Rui Ramos
Para onde nos leva António Costa? Este é
o primeiro governo em Portugal sem nenhuma ideia, sem nenhuma direcção, sem uma
razão de ser, a não ser a dos egoísmos partidários que o formaram.
Se há uma coisa que este
governo e a sua maioria fizeram crescer em Portugal, foi a incerteza. Alguém,
neste momento, sabe ao certo se a economia cresce mais ou menos do que antes?
Se pagamos mais ou menos impostos? Quase todos os dias, algum relatório traz
mais um número para atear dúvidas. É o mundo ideal para os fact checkers. Mas erraria quem pensasse que vivemos apenas um caso
agudo de discórdia estatística. A incerteza não vem apenas da possibilidade de
interpretar percentagens e especular com casas decimais, mas da profunda
perturbação do regime político, em que toda a oligarquia faz grandes esforços
para não reparar.
O regime português tinha,
entre outras, estas duas regras: a primeira dizia que o governo de um Portugal
integrado na zona Euro devia assentar em forças políticas identificadas com o
projecto da integração europeia, e os valores que esse projecto representa; a
segunda estabelecia que nenhum partido chefiaria um governo se não tivesse o
primeiro lugar nas eleições. Foi assim durante quase 40 anos.
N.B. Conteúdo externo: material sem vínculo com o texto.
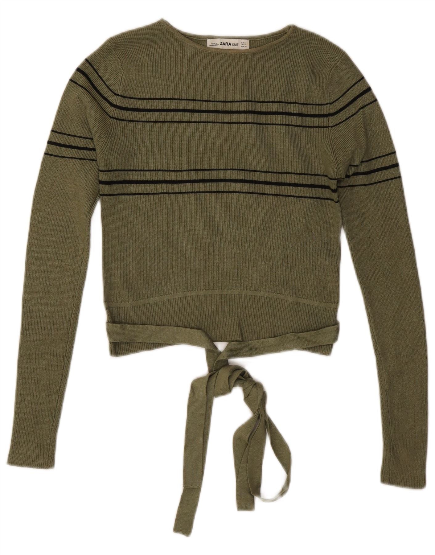 ZARA Womens Crop Boat Neck Jumper Sweater UK 12 Medium Khaki Striped
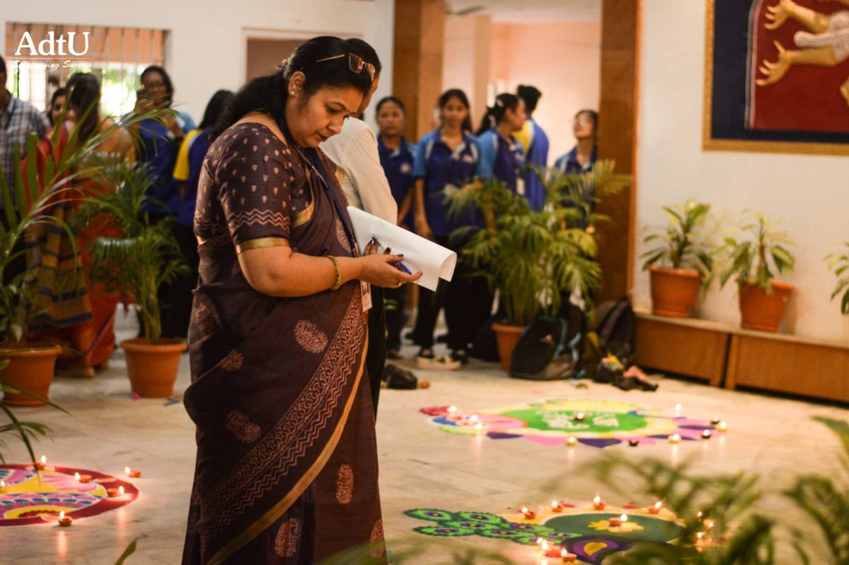 Assam down town University sparkled with festive joy during its Pre-Diwali Celebration, turning the campus into a vibrant hub of colours, lights, and community spirit. The celebration featured the much-loved Campus Bazaar Stalls, where students showcased their creativity and entrepreneurial flair with handmade crafts, festive décor, and traditional treats. Adding to the charm, melas from the University’s adopted villages brought a touch of Assam’s rural artistry and culture to the heart of the campus. The festive mood reached its artistic peak with a Rangoli Competition, where students adorned the floor with intricate designs and bright hues, spreading messages of unity, celebration, and light.

Deixou de ser
assim o ano passado, quando António Costa, derrotado nas eleições, salvou a sua
carreira política entregando-se nas mãos de partidos que sempre combateram o
regime tal como se desenvolveu desde 1976, opondo-se a todas as revisões
constitucionais e à integração europeia. O regime continuou, claro. Mas sem
essas regras, deixou de se perceber o seu caminho. Qual é a direcção? A do PS,
que promoveu a integração europeia, ou a do PCP e BE, que sempre a combateram?
Para que serve o governo? Para cumprir as regras do Tratado Orçamental, que o
PS subscreveu, ou para romper com o Tratado Orçamental, contra o qual o PCP e o
BE votaram? Poder-me-ão dizer: bem, o PS governa, logo é a orientação do PS que
predomina. Mas ao violar a segunda regra, António Costa depende completamente
do PCP e do BE, que todos os dias exibem a sua influência. Para onde vamos?
Este governo e esta maioria
romperam ainda com outra coisa: com tudo aquilo que os partidos que formam a
maioria e apoiam o governo tinham dito, aconselhado e exigido enquanto
estiveram na oposição. Até Novembro de 2015, PS, PCP e BE pareciam acreditar,
por vias diferentes, que os problemas portugueses se resolveriam pondo a
economia a crescer, e não equilibrando as contas do país, como pretendia a
troika. Eram pelo “investimento público” e pelos “estímulos à economia”.
Desprezavam as “metas do défice”. Mais: consideravam a política europeia
errada, e achavam que deveria ser contestada e resistida até às últimas
consequências. Mas ei-los no poder, e de um dia para o outro o crescimento
deixa de lhes importar, cortam o investimento público, e parecem obcecados com
as metas do défice. Perante Bruxelas, emitem por vezes uns ruídos
anti-germânicos, mas de resto dão a entender que não há problemas. Que
significa isto? Por um lado, tudo faz sentido: uma vez no poder, as antigas
oposições descobriram que não lhes convinha dispensar o financiamento do BCE.
Mas por outro lado, tudo é bizarro: o governo não prepara o país para ser
competitivo dentro do quadro do Euro, porque o BE e o PCP recusam reformas, mas
também não prepara o país para sair do Euro, porque o PS não aceita a saída do
Euro. Limitamo-nos a viver do dinheiro do BCE, à deriva.
Para onde nos leva António
Costa? Sabe ele o que está a fazer? Tem um plano? Este é o primeiro governo
neste regime sem nenhuma ideia, sem nenhuma direcção, sem uma razão de ser, a
não ser a dos egoísmos partidários que o formaram. Por isso, não admira que a
questão para tantos portugueses seja: quando é que isto rebenta?